Physical background of significant increase in mechanical properties and fatigue strength of groove-rolled Cu-Ni-Si alloy with discontinuous precipitates

Abstract

Prolonged aging of Cu-Ni-Si alloy induced the formation of discontinuous precipitates (DPs) of fiber-shaped Ni2Si intermetallic compounds, rendering good conductivity and relatively inferior strength. To improve the strength of Cu-Ni-Si alloy with DPs, groove-rolling technique was utilized to plastically deform the aged Cu-6Ni-1.5Si specimen. As the rate of area reduction increased from 20% to 50% and 80%, the diameter and interspacing of Ni2Si fibers decreased.

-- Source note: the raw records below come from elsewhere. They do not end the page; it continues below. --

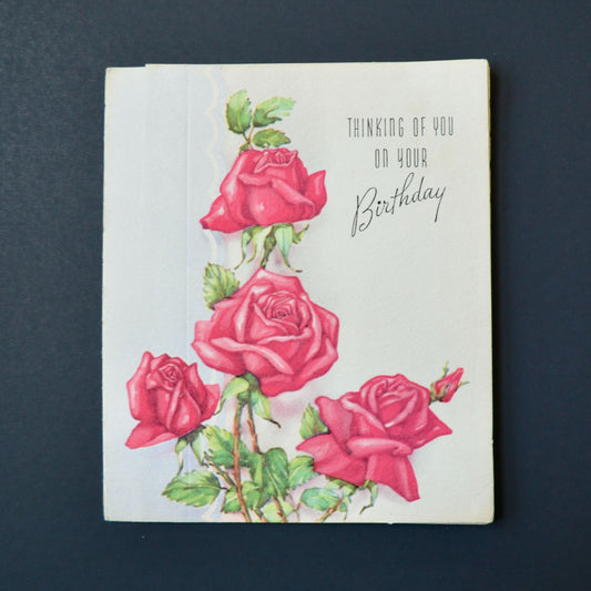 Vintage 3D Birthday Card Unused Roses Window 1960 USA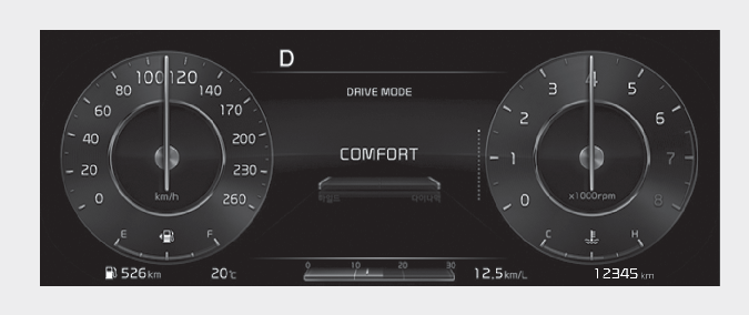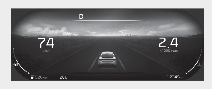Theme A is the basic theme of the full LCD type cluster and provides different graphic styles depending on drive mode.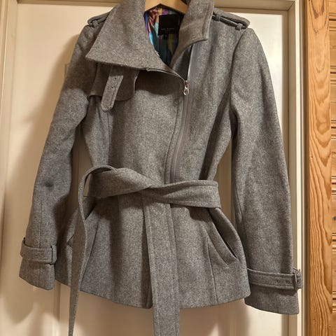 Ted Baker genser i størrelse S for dame, laget av en ullblanding bestående av 47% ull, 38% viskose, 10% polyamid og 5% kasjmir. Genseren har en grå farge og detaljer på ermene som gir et unikt utseende.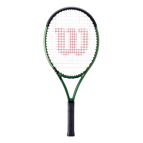 The Blade 25 v8 excites with head-turning looks and top-flight performance for junior players developing their game. Conducive for smooth, easy swings that allow players to be aggressive and dictate play, this racket can accelerate skill and confidence ahead of schedule. All-new design sports flashy green metallic finish for vibrant look, while top features include a Top Grip Taper on the handle for better feel on two-handed backhand and Parallel Drilling for a more forgiving string bed response. Racket comes pre-strung with Wilson Sensation 17/1.25, an arm-friendly multifilament string built for enhanced comfort.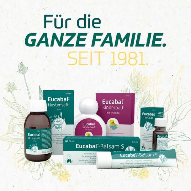Eucabal®-Balsam S Creme. (Ap). Wirkstoffe: Eukalyptusöl, Kiefernnadelöl. Zur Besserung der Beschwerden bei Erkältungskrankheiten der Atemwege mit zähflüssigem Schleim. Zu Risiken und Nebenwirkungen lesen Sie die Packungsbeilage und fragen Sie Ihre Ärztin, Ihren Arzt oder in Ihrer Apotheke. Enthält Cetylstearylalkohol. Packungsbeilage beachten. (Stand Januar 2020). Aristo Pharma GmbH, Wallenroder Str. 8-10, 13435 Berlin.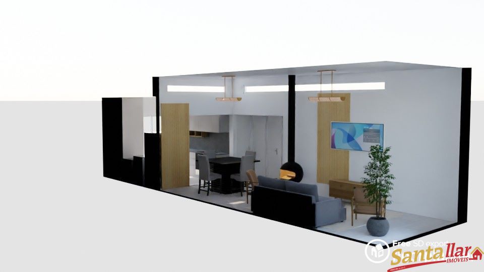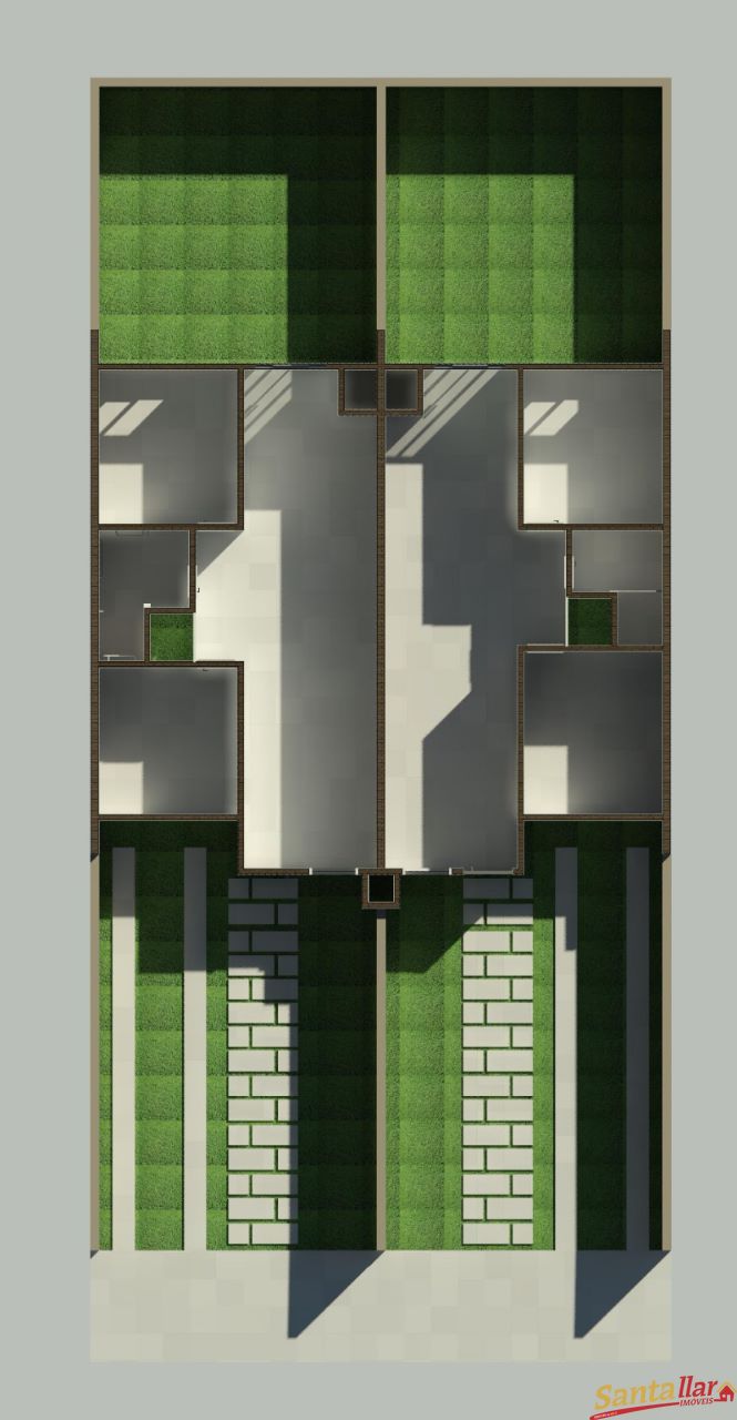 O geminado possui 70 m² de área construída, divididos em 02 dormitórios, sala de estar, sala de jantar e cozinha integradas, banheiro social, lavanderia, churrasqueira e garagem. O geminado ainda possui pátios frente e fundos, todo murado e ótimo padrão de acabamentos, com pisos em porcelanato e aberturas em alumínio.

Both tensile strength and fatigue limit stress, which are essential for the design of electrical and electronic mechanical components, of Cu-6Ni-1.5Si specimen increased significantly with groove-rolling. It was suggested that an extra strengthening was achieved by Ni2Si fiber reinforcement in addition to work hardening. The increase in yield strength by fiber reinforcement was estimated by Orowan strengthening principle, assuming ideal fiber arrangement. The estimated yield strength based on Orowan mechanism was found to be much greater than the experimentally measured value. This was because actual morphology and arrangement of fibers were largely different from the ideal state, necessitating an error factor, k, which varied with the true strain, εt, due to groove-rolling. The k showed initial steep increase and subsequent mild increase to εt, followed by decreasing trend after εt ≒ 0.7. The physical background of enhanced fatigue strength of rolled specimen was discussed based on the detailed microstructural observation on crack initiation and propagation behavior.